Amanda jeta rapidement vers sir Lulworth un regard furtif. Egbert était trop agité pour prendre son petit déjeuner ; il repartit pour surveiller les travaux de renforcement des fortifications du poulailler.

« Je trouve qu’elle aurait pu au moins attendre jusqu’à ce que les funérailles soient terminées, dit Amanda d’un air scandalisé.

– Après tout, ce sont ses propres obsèques, dit sir Lulworth. C’est un point d’étiquette assez délicat : jusqu’à quel point est-on tenu de témoigner du respect à sa propre dépouille ? »

Le mépris des convenions mortuaires alla plus loin le jour suivant. Pendant l’absence de la famille qui assistait à la cérémonie funéraire, les survivants de la famille Sussex furent massacrés. La maraudeuse semblait avoir déployé sa ligne de retraite sur la plupart des plates-bandes de la pelouse, mais dans le potager en contrebas les plants de fraisiers avaient soufferts aussi.

« Je vais lâcher les chiens tout de suite, dit Egbert d’un air sauvage.

– Jamais de la vie ! Vous ne pouvez pas songer à faire une chose pareille ! s’exclama Amanda. Enfin… il me semble… ça ne se fait pas… si tôt après un enterrement dans la maison.

– C’est un cas de force majeure, dit Egbert. Une fois qu’une loutre commence à faire ce genre de choses, ça n’en finit plus.

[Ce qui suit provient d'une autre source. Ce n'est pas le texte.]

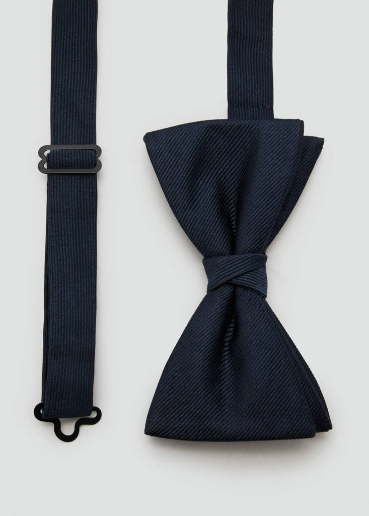 New NowClassic bow tie with microstructureCurrent price [$ 79.95 ]$ 79.95Select a colourNavySelect your sizeOne sizeAddAdd to your wishlistSee lookFree delivery to storeStructured fabric. 3 cm wide. Metallic clip fastening11.0x8.0 cmDetails, composition and careStore availabilityItem qualitiesSilkAt least 60%As one of the world's most valuable natural fibres, silk gives a lustrous finish and soft feel to garments.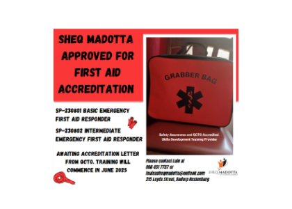 UncategorizedSHEQ Madotta Approved for First Aid Accreditation (Awaiting Accreditation Letter from QCTO) May 8, 2025 louisaComment on SHEQ Madotta Approved for First Aid Accreditation (Awaiting Accreditation Letter from QCTO)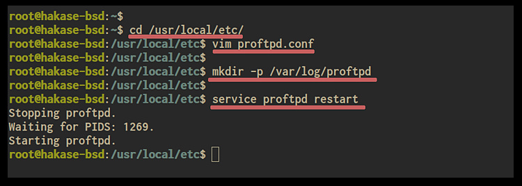 A continuación, reinicia el servicio ProFTP mediante el siguiente comando.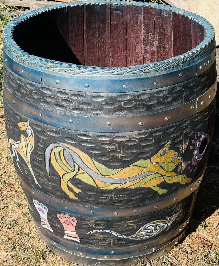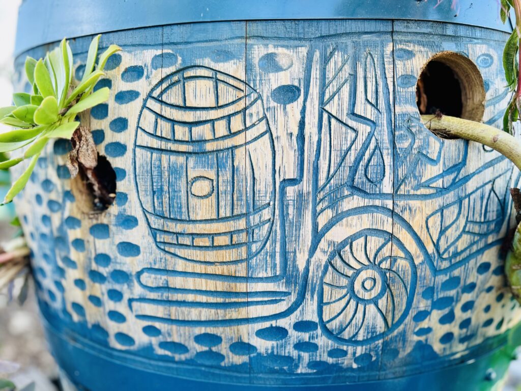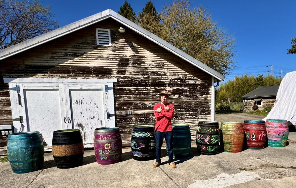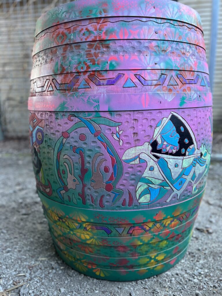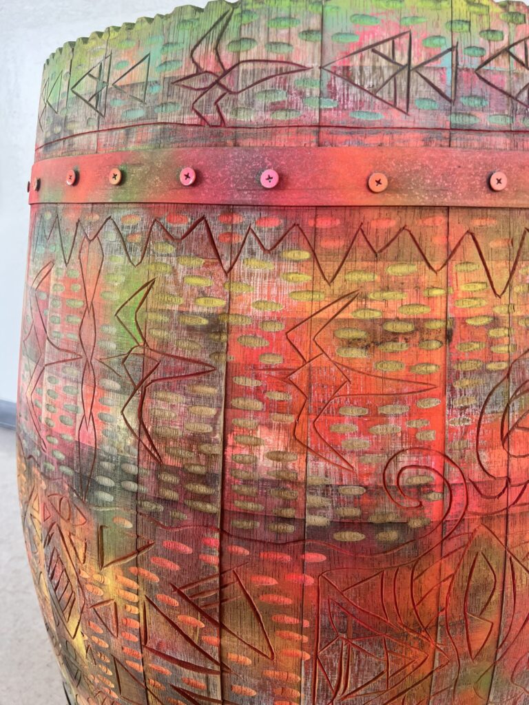 Deeply aligned with environmental stewardship, Koa transforms discarded oakโoften from local wine barrelsโinto vibrant sculptures that honor the life of the tree while giving it new purpose and finesse. Through his work, he cultivates connection, encourages reflection and generates dialogue between culture and nature while weaving together the burgeoning narratives for the future.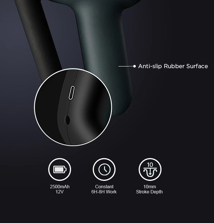 Constant power and constant speed function.Right now,only our factory can produce this function massage gun. this made the massage gun keep same speed whether it is used at maximum speed or idling.but the output power of the machine increases as the massage force increases, and decreases when it decreases,this can reduce power lose.The battery can keep running for 6-8 hours.

– Elle va peut-être s’en aller ailleurs, maintenant qu’il n’y a plus de volaille, suggéra Amanda.

– On dirait que vous voulez protéger cette bête, dit Egbert.

– Il y a eu si peu d’eau dans le ruisseau ces temps derniers, objecta Amanda, que ça ne m’a pas l’air très sport de se mettre à chasser un animal qui a si peu de chances de trouver un refuge.

– Bon dieu ! ragea Egbert, je ne suis pas en train de penser au sport. Je veux faire tuer cet animal au plus vite. »

L’opposition d’Amanda elle-même faiblit lorsque, pendant le service à l’église le dimanche suivant, la loutre s’introduisit dans la maison, chaparda la moitié d’un saumon dans le garde-manger et le déchiqueta en petits fragments tout écailleux sur le tapis persan du studio d’Egbert.

« D’ici peu, elle va se cacher sous les lits et nous arracher des petits morceaux de pied, » dit Egbert. Et d’après ce qu’Amanda savait de cette loutre-là, elle sentit que cette éventualité n’était pas très lointaine.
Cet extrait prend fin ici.